══ Data extract ══
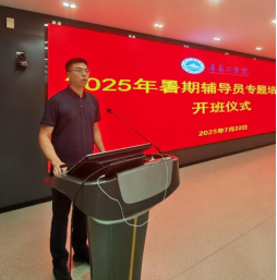 辅导员代表、马克思主义学院张书玮发言表示,全体辅导员将以饱满热情投入培训,勤学善思、务求实效,把所学转化为服务学生成长的能力,为学校育人事业贡献力量。随后,学生工作部部长王涛详细解读了《2025年暑期辅导员专题培训培训方案》,强调本次培训以“政治引领、专业赋能、实践淬炼、情感凝聚”四位一体体系为核心,旨在锻造“政治强、业务精、纪律严、作风正”的高水平队伍。
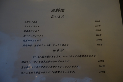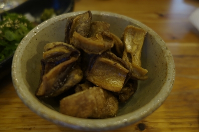 お酒のお供のせんじがらをお願いしました。一応せんじがらって広島名物になっていると思います。ホルモンを揚げて若干乾燥させてあるおつまみです。でも口に含むとじゅーしーでおいしんですよね〜!ぜひ広島名物として食べてみてくださいね!
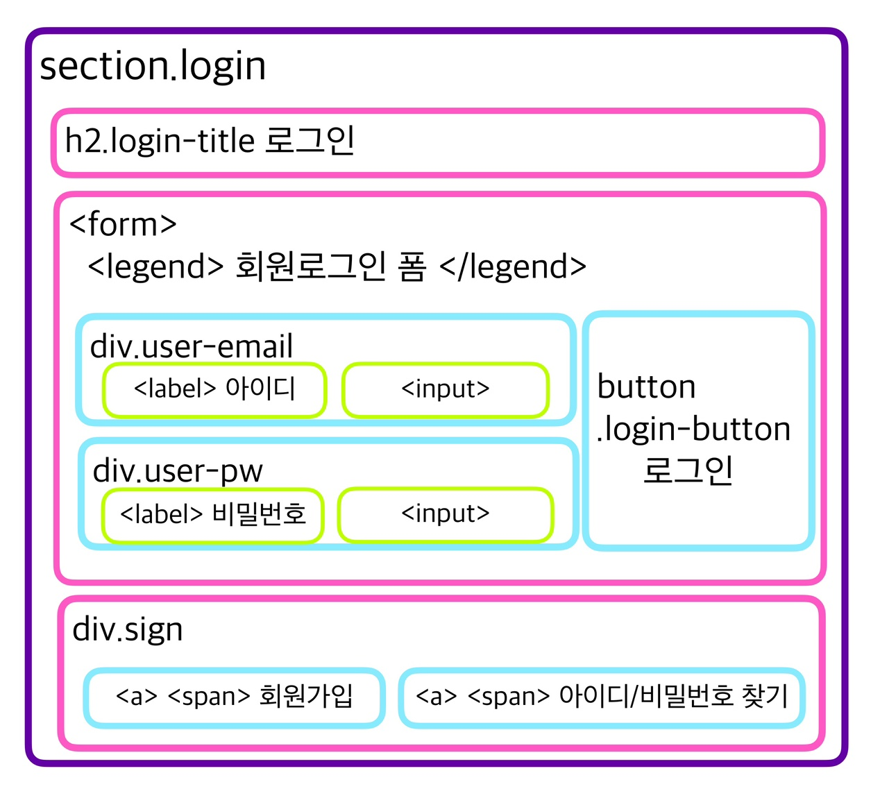 <form>, <fieldset>, <legend>, <label>, <input>, <button>, <a> 을 사용한 로그인 섹션 예시
═══
**Problem**
The reply must consist of the complete listing, reproduced exactly, with no images.

**Answer for the task**
 辅导员代表、马克思主义学院张书玮发言表示,全体辅导员将以饱满热情投入培训,勤学善思、务求实效,把所学转化为服务学生成长的能力,为学校育人事业贡献力量。随后,学生工作部部长王涛详细解读了《2025年暑期辅导员专题培训培训方案》,强调本次培训以“政治引领、专业赋能、实践淬炼、情感凝聚”四位一体体系为核心,旨在锻造“政治强、业务精、纪律严、作风正”的高水平队伍。
 お酒のお供のせんじがらをお願いしました。一応せんじがらって広島名物になっていると思います。ホルモンを揚げて若干乾燥させてあるおつまみです。でも口に含むとじゅーしーでおいしんですよね〜!ぜひ広島名物として食べてみてくださいね!
 <form>, <fieldset>, <legend>, <label>, <input>, <button>, <a> 을 사용한 로그인 섹션 예시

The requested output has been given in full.